LONDON. – Hundreds of families are suing some of the world’s biggest technology companies – who, they say, knowingly expose children to harmful products. One plaintiff explains why they are taking on the might of Silicon Valley.
“I literally was trapped by addiction at age 12. And I did not get my life back for all of my teenage years.”
Taylor Little’s addiction was social media, an addiction that led to suicide attempts and years of depression.
Taylor, who’s now 21 and uses the pronoun “they”, describes the tech companies as “big, bad monsters”.
The companies, Taylor believes, knowingly put into children’s hands highly addictive and damaging products.
Which is why Taylor and hundreds of other American families are suing four of the biggest tech companies in the world.
The lawsuit against Meta – the owner of Facebook and Instagram – plus TikTok, Google and Snap Inc, the owner of Snapchat, is one of the largest ever mounted in Silicon Valley.
The plaintiffs include ordinary families and school districts from across the US.
They claim that the platforms are harmful by design.
Lawyers for the families believe the case of 14-year-old British schoolgirl Molly Russell is an important example of the potential harms faced by teenagers.

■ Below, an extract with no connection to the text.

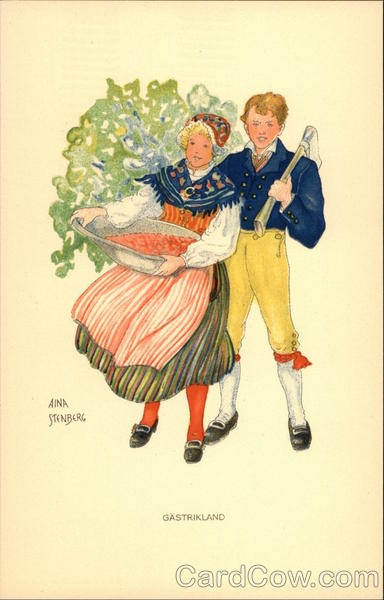 Front: AINA STENBERG GÄSTRIKLAND Back: SVENSKT NATIONALKORT NR 100. MADE IN SWEDEN COPYRIGHT ESKIL HOLM, STOCKHOLM

Last year they monitored the inquest into her death via video link from Washington, looking for any evidence which they could use in the US lawsuit. Molly’s name is mentioned a dozen times in the master complaint submitted to the court in California.
Last week, the families in the case received a powerful boost when a federal judge ruled that the companies could not use the First Amendment of the US constitution, which protects freedom of speech, to block the action. – BBC.